Array.prototype.sort()

sort([compareFn])

Returns Array· Updated June 5, 2026· Array Methods

arraysortstable-sort

Array.prototype.sort() is the built-in way to reorder an array’s elements. It mutates the array in place and returns a reference to that same array, not a copy. That second part trips up a lot of people.

The sort is stable as of ES2019, so elements that compare as equal keep their original order. Without a compare function, every element is converted to a string and sorted by UTF-16 code unit values, which is almost never what you want for numbers.

Syntax

arr.sort();
arr.sort(compareFn);

Parameters

compareFn (optional)

A function that defines the sort order. Called as compareFn(a, b) where a and b are two elements from the array. The spec guarantees both arguments are defined - compareFn is never invoked with undefined as either argument.

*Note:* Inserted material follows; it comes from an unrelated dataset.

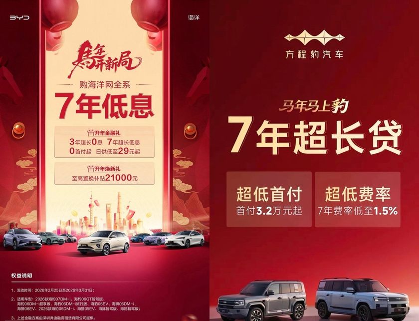 自2月底起,比亞迪也開始跟進(jìn)該金融政策,旗下的海洋網(wǎng)全系車型推出3年0息、7年超低息、0首付等多種選擇;王朝網(wǎng)中的漢、唐、元、宋等車型也陸續(xù)加入。此外,方程豹豹5長續(xù)航版、鈦7全系車型同樣可享受7年超長貸。

The return value controls the ordering:

Return value	Meaning
Negative	`a` should come before `b`
Positive	`a` should come after `b`
`0` or `NaN`	`a` and `b` are equal (relative order preserved by stability)

For numbers, (a, b) => a - b sorts ascending. It is by far the most common comparator you’ll write, and you will write it more often than you’d like.

If you omit compareFn, every element is converted to a string and sorted by UTF-16 code unit. undefined values are pushed to the end of the array, and compareFn is not called at all.

Return value

The same array reference, now sorted. This is the most common bug with sort():

const numbers = [3, 1, 4, 1, 5];
const sorted = numbers.sort((a, b) => a - b);
// numbers and sorted both reference the same array
// both are [1, 1, 3, 4, 5]

sorted[0] = 999;
console.log(numbers[0]);
// 999

If you need a sorted copy, clone first. All three options below produce identical results for the same comparator, so the choice is mostly about your target environment. Three common options, oldest to newest:

const numbers = [3, 1, 4, 1, 5];

// 1. spread into a new array
const a = [...numbers].sort((a, b) => a - b);

// 2. Array.from
const b = Array.from(numbers).sort((a, b) => a - b);

// 3. Array.prototype.toSorted() (ES2023, Node 20+, modern browsers)
const c = numbers.toSorted((a, b) => a - b);

toSorted() is the cleanest of the three. It does exactly what sort() does but returns a new array, so the original stays untouched.

Default sort order is lexicographic

The default behavior sorts by string. That breaks the moment you sort numbers:

const nums = [1, 30, 4, 21, 100000];
nums.sort();
console.log(nums);
// [1, 100000, 21, 30, 4]

Each number is converted to a string, then sorted by UTF-16 code unit. "1" < "100000" < "21" < "30" < "4" is true in code-unit order even though it is nonsense as a numeric ordering. Every beginner trips on this exactly once.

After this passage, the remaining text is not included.